El catedrático de Neurología en la Escuela Médica de Harvard, Álvaro Pascual-Leone. - FUNDACIÓN RAMÓN ARECES
MADRID, 30 Sep. (EUROPA PRESS) -
Científicos españoles han apelado este martes "a la transparencia, al rigor científico y a la responsabilidad colectiva" para "abordar los desafíos éticos" que entraña la inteligencia artificial (IA). Además, han hecho un llamamiento al consenso y a la ética científica en la investigación, sobre todo en cuestiones sensibles como el uso de modelos animales y embrionarios.
Estas han sido algunas de las conclusiones de la jornada anual que la Confederación de Sociedades Científicas de España (COSCE) ha celebrado con la colaboración de la Fundación Ramón Areces en la sede de la propia fundación.
"La IA no debería sustituir al juicio clínico", ha afirmado a lo largo de la jornada el director del Área de Medicina Interna del Hospital Costa del Sol de Marbella y expresidente de la FACME (Federación de Asociaciones Científico Médicas Españolas), Javier García Alegría.
En el marco de su intervención, en la que ha analizado los dilemas éticos que plantea la incorporación de la IA en la práctica médica, ha pedido integrar esta tecnología "de forma crítica y responsable para mejorar la toma de decisiones". Para poder conseguirlo, ha hecho hincapié en la necesidad de nuevas competencias profesionales en el uso y supervisión de la IA, una regulación clara y una formación médica apropiada".
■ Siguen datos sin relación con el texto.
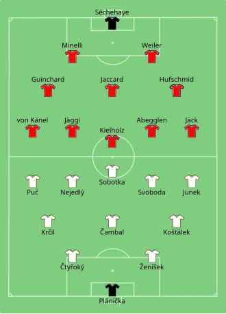 In a well-balanced game, Switzerland took the lead with Kielholz thanks to a counter-attacking play. Czechoslovakia equalized soon after with František Svoboda, who turned a chance created by Jiří Sobotka into a goal. In the second half, although Switzerland dominated the ball possession, it was Czechoslovakia scoring twice and holding on for the victory.[2]
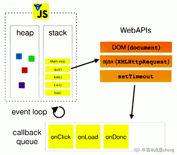 那么,单线程就意味着,所有任务需要排队,前一个任务结束才会执行后一个任务,所以为了提高CPU的利用效率,就把所有任务分成了同步任务(synchronous)和异步任务(asynchronous),同步任务在主线程顺序执行,异步任务则不进入主线程而是进入到任务队列(task queue)中。在主线程上会形成一个执行栈,等执行栈中所有任务执行完毕之后,会去任务队列中查看有哪些事件,此时异步任务结束等待状态,进入执行栈中,开始执行。

El catedrático de Neurología en la Escuela Médica de Harvard, Álvaro Pascual-Leone, ha abogado porque la sociedad promueva "una adopción "ética y regulada" de las tecnologías que permiten "planear y optimizar el cuidado del cerebro a lo largo de la vida".
Tal y como ha recordado, "la mayor causa" de discapacidad a lo largo de la vida son "las alteraciones cerebrales", cuyo gasto anual supone "más del 10% de la riqueza del mundo entero". En este sentido, ha apuntado a que hoy en día existen tecnologías capaces de caracterizar el funcionamiento del cerebro y métodos de IA para predecir el riesgo de enfermedad.
Más allá de la práctica médica, la presidenta de la asociación, Perla Wahnón, ha hecho hincapié en los principales riesgos de la IA en el sector de la ciencia, como "la generación de resultados falsos o engañosos en los estudios" y "su uso fraudulento para redactar artículos científicos sin respaldo empírico sólido".
"La IA ha transformado la manera que se produce y analiza el conocimiento científico y al mismo tiempo plantea grandes desafíos éticos que la comunidad científica debe manejar con rigor", ha añadido.
"UNA IA CONFIABLE Y RESPETUOSA CON LA PRIVACIDAD"
El director científico del CiTIUS (Centro Singular de Investigación en Tecnologías Inteligentes de la Universidad de Santiago de Compostela), Senén Barrio Armentero, ha planteado que la confiabilidad de la IA no es necesariamente "un objetivo común", puesto que administraciones políticas o empresas privadas pueden tener otros intereses. Por ello, abogó por que la ciudadanía sea quien exija "una IA confiable, respetuosa con la privacidad y con supervisión, ya que, si no lo hacemos, las empresas no invertirán en ello o lo harán residualmente".
Al margen de la IA y entre otros temas tocados durante la jornada, la investigadora principal del Centro Andaluz de Biología del Desarrollo (CABD), Bárbara Pernaute, ha urgido a "establecer límites de manera transparente y con una base científica sólida" sobre los modelos embrionarios creados a partir de células madre que "justifiquen de forma inequívoca" su beneficio y cuáles son las barreras éticas que no pueden traspasarse.